> _Task brief_:
Exact copy, no pictures: output each line below as it stands.

> _Data_:
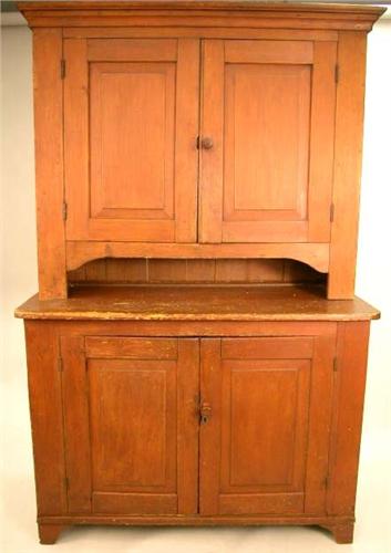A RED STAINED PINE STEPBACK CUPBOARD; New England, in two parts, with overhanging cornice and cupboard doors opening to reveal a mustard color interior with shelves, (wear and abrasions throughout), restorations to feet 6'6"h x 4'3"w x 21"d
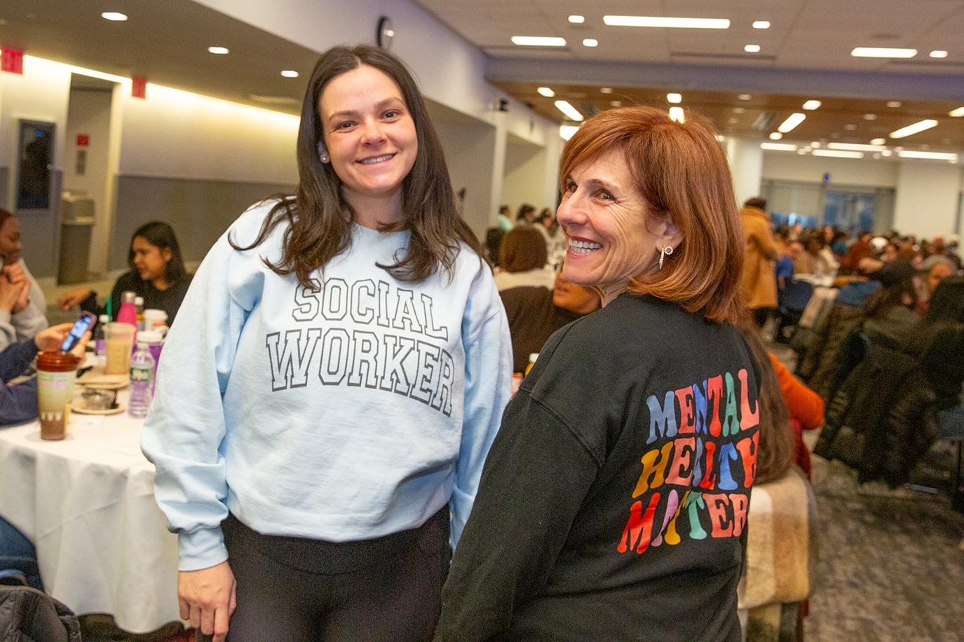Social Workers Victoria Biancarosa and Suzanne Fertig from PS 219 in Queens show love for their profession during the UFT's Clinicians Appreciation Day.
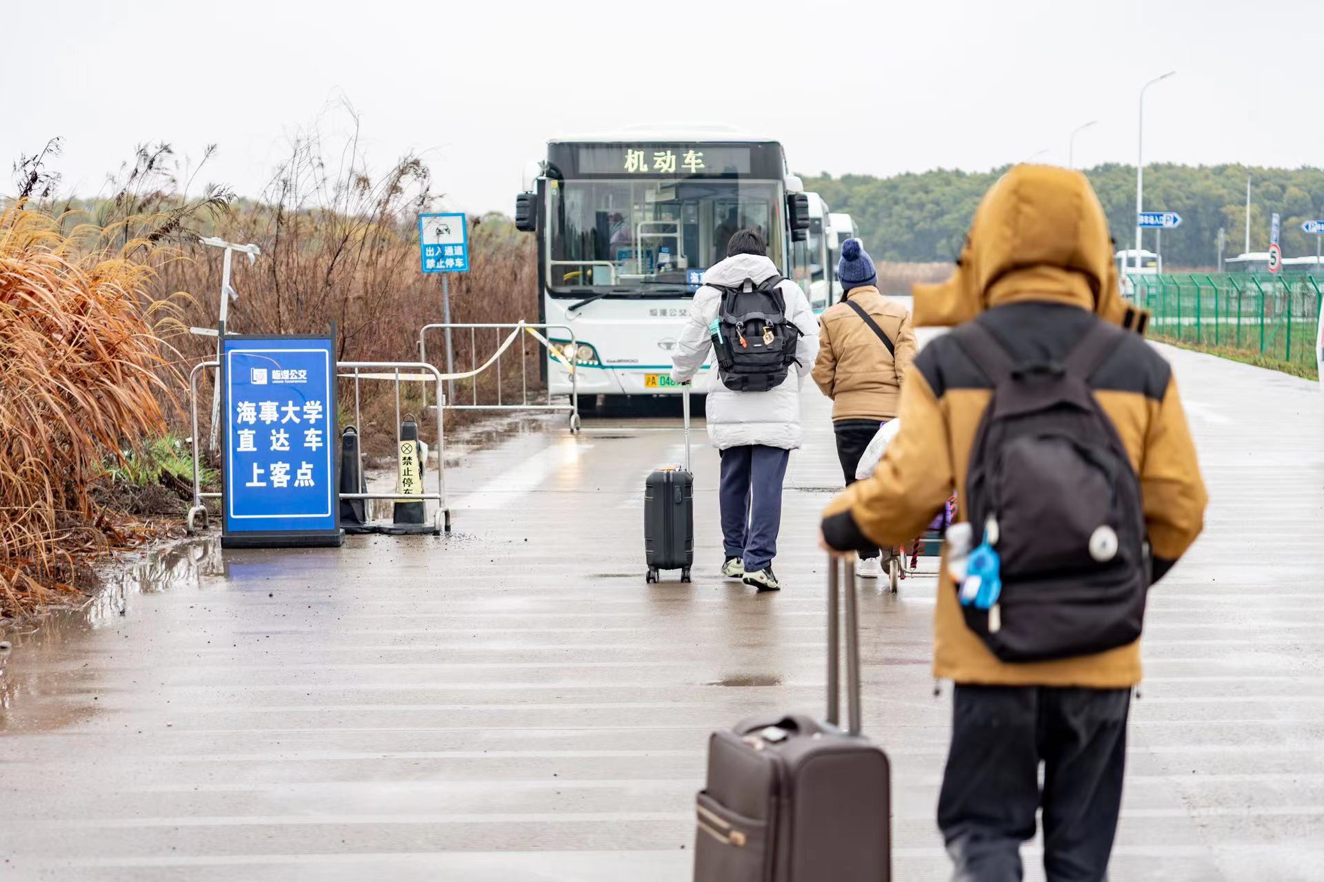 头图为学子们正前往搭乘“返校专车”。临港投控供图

> _Solution for this problem_:
A RED STAINED PINE STEPBACK CUPBOARD; New England, in two parts, with overhanging cornice and cupboard doors opening to reveal a mustard color interior with shelves, (wear and abrasions throughout), restorations to feet 6'6"h x 4'3"w x 21"d
Social Workers Victoria Biancarosa and Suzanne Fertig from PS 219 in Queens show love for their profession during the UFT's Clinicians Appreciation Day.
 头图为学子们正前往搭乘“返校专车”。临港投控供图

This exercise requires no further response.